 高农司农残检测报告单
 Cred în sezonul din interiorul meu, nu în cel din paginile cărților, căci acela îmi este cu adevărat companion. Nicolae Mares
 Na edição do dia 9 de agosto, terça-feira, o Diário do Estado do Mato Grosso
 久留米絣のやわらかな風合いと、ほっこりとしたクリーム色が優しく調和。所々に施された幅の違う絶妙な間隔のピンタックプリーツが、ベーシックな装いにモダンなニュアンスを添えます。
* * *
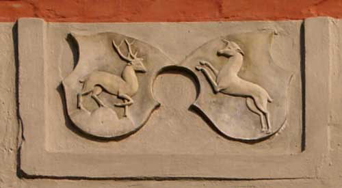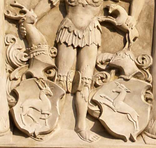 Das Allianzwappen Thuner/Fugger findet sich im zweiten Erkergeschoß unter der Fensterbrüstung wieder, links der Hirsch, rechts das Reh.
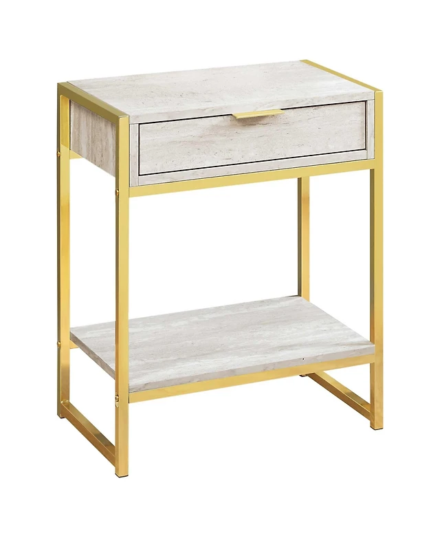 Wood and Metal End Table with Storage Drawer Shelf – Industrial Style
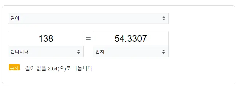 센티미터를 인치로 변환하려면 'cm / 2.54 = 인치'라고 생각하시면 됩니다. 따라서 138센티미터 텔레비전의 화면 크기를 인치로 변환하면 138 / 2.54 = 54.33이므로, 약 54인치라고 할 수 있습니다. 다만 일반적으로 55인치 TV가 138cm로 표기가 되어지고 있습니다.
...
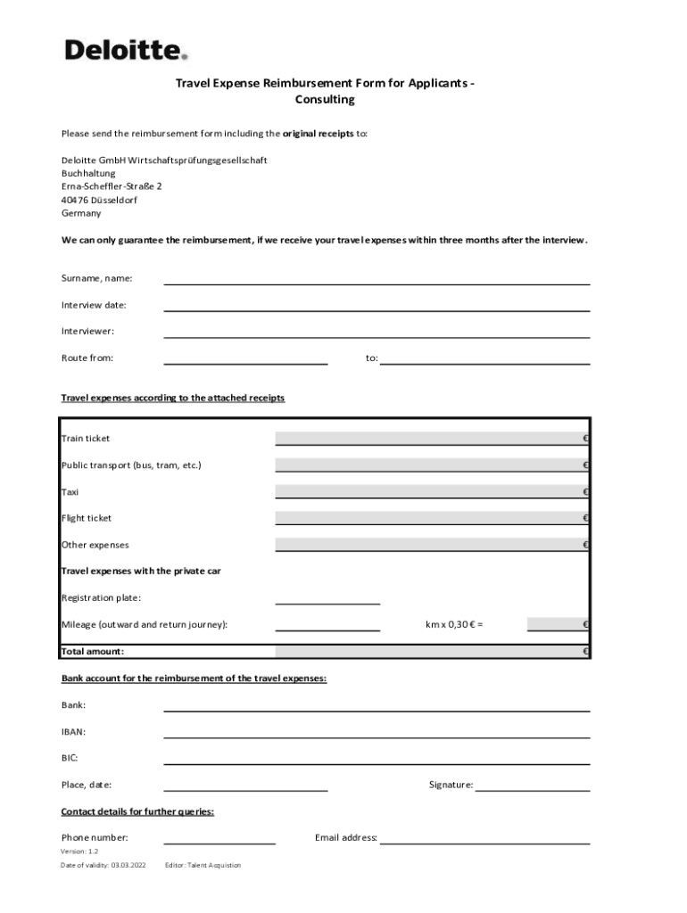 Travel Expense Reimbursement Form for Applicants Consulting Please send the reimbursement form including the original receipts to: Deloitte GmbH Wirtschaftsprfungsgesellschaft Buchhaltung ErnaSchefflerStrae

# The task
Quote the data above from the line containing "Na edição do" to the line containing "久留米絣のやわらかな風合いと", inclusive, and stop.

# Response
 Na edição do dia 9 de agosto, terça-feira, o Diário do Estado do Mato Grosso
 久留米絣のやわらかな風合いと、ほっこりとしたクリーム色が優しく調和。所々に施された幅の違う絶妙な間隔のピンタックプリーツが、ベーシックな装いにモダンなニュアンスを添えます。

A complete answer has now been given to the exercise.